--- START ---
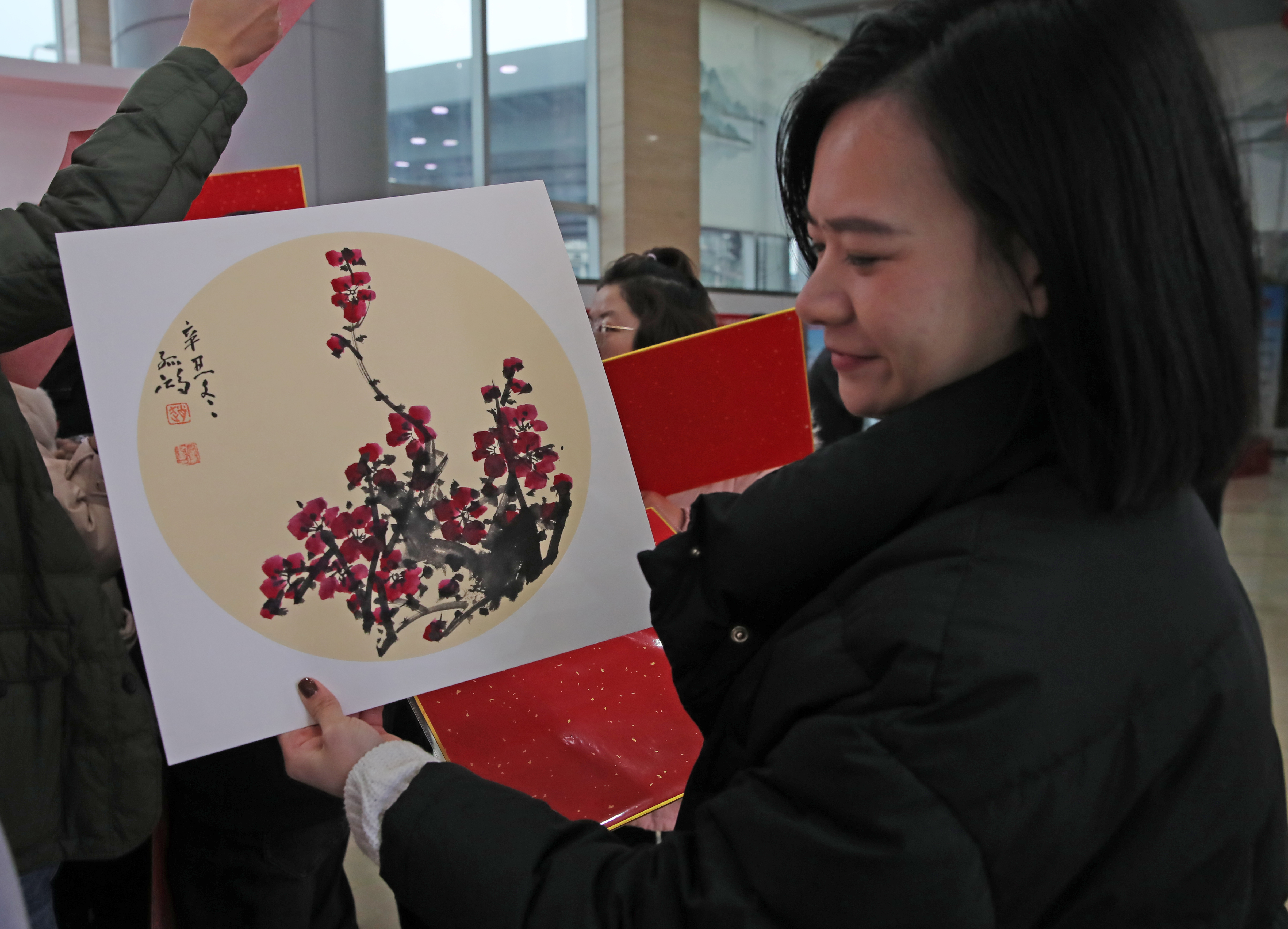 活動現場人頭攢動,長桌一字排開,四寶鋪就,翰墨飄香,老師們在現場揮毫潑墨,行云流水之間,一幅幅充滿新春祝福的大紅春聯頃刻誕生,大筆一揮之時,一幅幅字體各異、紅紅火火的“?!弊謩x那完成,揮毫潑墨之刻,一幅幅栩栩如生、清新典雅的畫作一揮而就,一幅幅富含新年祝愿、寓意新春吉祥的作品一一呈現。
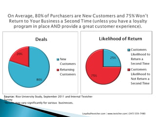 The document outlines strategies for retaining new customers and enhancing business growth through loyalty programs, emphasizing the importance of keeping existing customers over acquiring new ones. It provides recommendations such as offering exclusive deals, encouraging social sharing, and maintaining direct communication with customers. Additionally, the document highlights the significance of engaging content and customer service in fostering long-term customer relationships.
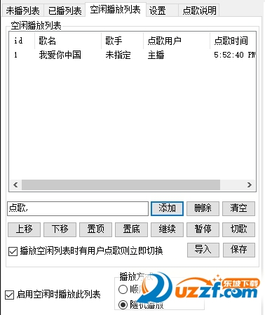 (e)主播需要保存空閑播放列表可以點擊保存按鈕,則下次啟動點歌系統(tǒng)時將會自動載入空閑播放列表。記得添加完畢后點保存。
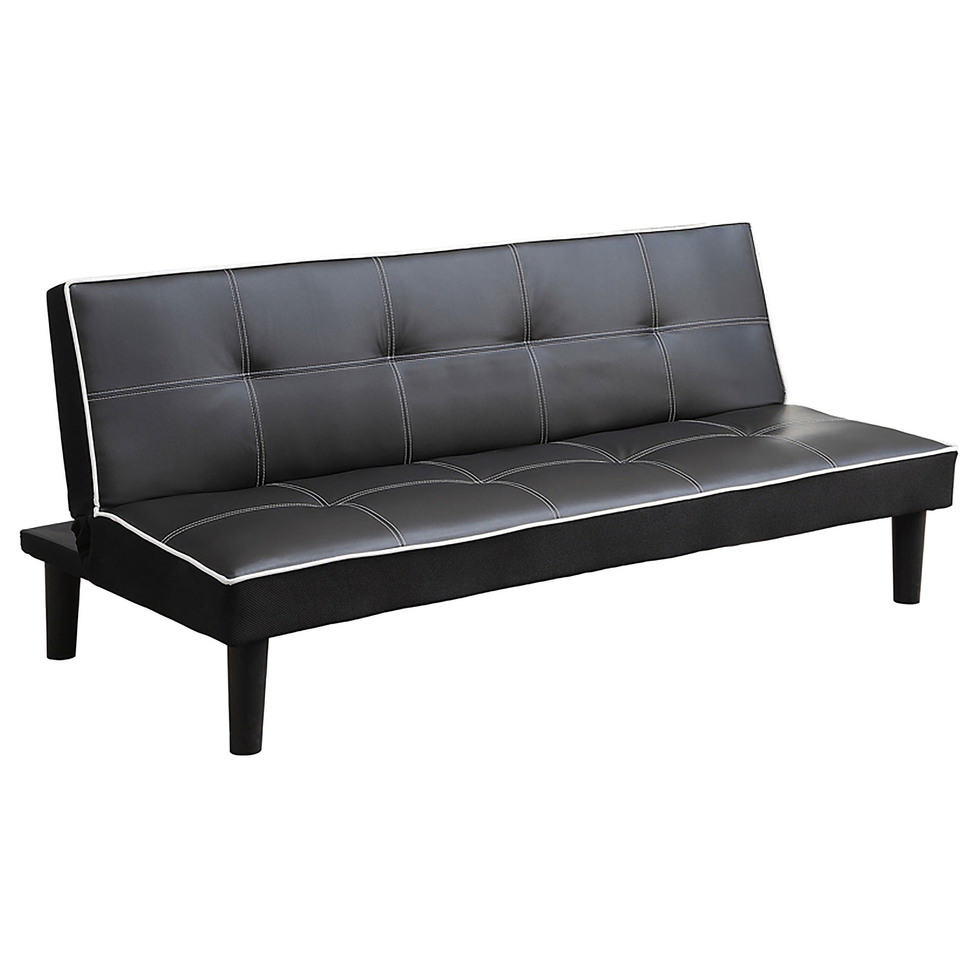 Añada una estructura elegante y versátil a cualquier sala de estar con este sofá cama negro. Con una silueta moderna, los cojines descansan sobre una resistente estructura de madera noble secada al horno. La tapicería de polipiel oscura contrasta con ribetes de tonos claros y capitoné cuadrado. Diseñado para la comodidad, este sofá cama se completa con una base de muelles sinuosos y espuma de alta densidad. Esta sofisticada pieza también está disponible en gris con ribetes negros y marrón con ribetes tostados.
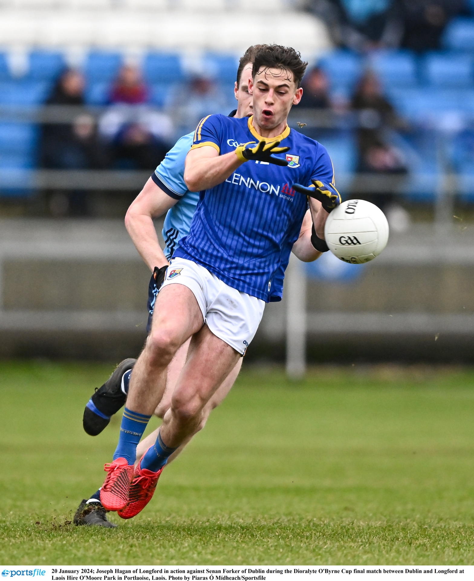 Caption: Joseph Hagan of Longford in action against Senan Forker of Dublin during the Dioralyte O'Byrne Cup final match between Dublin and Longford at Laois Hire O'Moore Park in Portlaoise, Laois. Photo by Piaras Ó Mídheach/Sportsfile
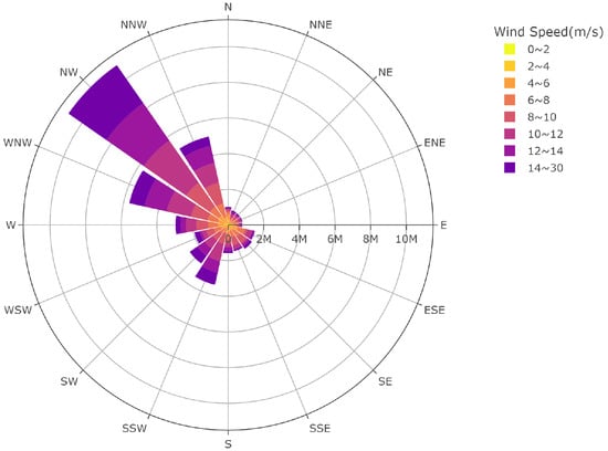 Figure 4 shows the distribution of wind speed forecast data for 17 months at Yeongheung wind power complex 2. In fact, the distribution of the wind speed forecast data of the Yeongheung wind power complex 2 ranges from 0 to 30 m/s, but the wind speed exceeding 23 m/s appears very rarely, so it was judged to be an outlier and excluded from Figure 4. Considering that the minimum wind speed (start-up wind speed) at which the wind power generator starts generating electricity is 3 m/s, it can be seen that the wind speeds blowing in the Yeongheung wind complex are sufficient to generate electricity. The blades of the Yeongheung wind power generators are mainly directed to the west coast, and this is due to the fact that the yawing system senses the wind direction and rotates it around the vertical axis according to the geographical characteristics of Republic of Korea that are affected by the northwest monsoon wind. In Republic of Korea, it is known that the proportion of northwest winds is high in winter (December to February), and the proportion of southwest winds, such as southwest and southeast winds, is high in summer (June to August). Figure 5 shows the size of the amount of power produced by wind direction. Here, M in 2 M, 4 M,⋯, 10 M on the horizontal axis means megawatts. In Figure 5, the wind speed predicted in Yeongheung wind power complex 2 is distributed in the range of 0 to 30 m/s, which is divided into 2 m/s units. There were 545 time slots where wind speeds of 14 m/s or higher were forecasted, and they were merged into one category as there were fewer than 717 times when wind speeds were predicted to be between 12 and 14 m/s (717 times). A closer look at Figure 5 shows that the main wind direction of the Yeongheung wind power generators is the northwest wind, and the wind direction and wind speed with the largest amount of power generation were confirmed to be the northwest wind direction (NW) and 10 to 12 m/s speed, respectively.
--- END ---
- [What is needed]
Print everything from the line with "(e)主播需要保存空閑播放列" down to the line with "Caption: Joseph Hagan" in the entries above, both lines included and nothing more, without the pictures.

- [Exercise result]
 (e)主播需要保存空閑播放列表可以點擊保存按鈕,則下次啟動點歌系統(tǒng)時將會自動載入空閑播放列表。記得添加完畢后點保存。
 Añada una estructura elegante y versátil a cualquier sala de estar con este sofá cama negro. Con una silueta moderna, los cojines descansan sobre una resistente estructura de madera noble secada al horno. La tapicería de polipiel oscura contrasta con ribetes de tonos claros y capitoné cuadrado. Diseñado para la comodidad, este sofá cama se completa con una base de muelles sinuosos y espuma de alta densidad. Esta sofisticada pieza también está disponible en gris con ribetes negros y marrón con ribetes tostados.
 Caption: Joseph Hagan of Longford in action against Senan Forker of Dublin during the Dioralyte O'Byrne Cup final match between Dublin and Longford at Laois Hire O'Moore Park in Portlaoise, Laois. Photo by Piaras Ó Mídheach/Sportsfile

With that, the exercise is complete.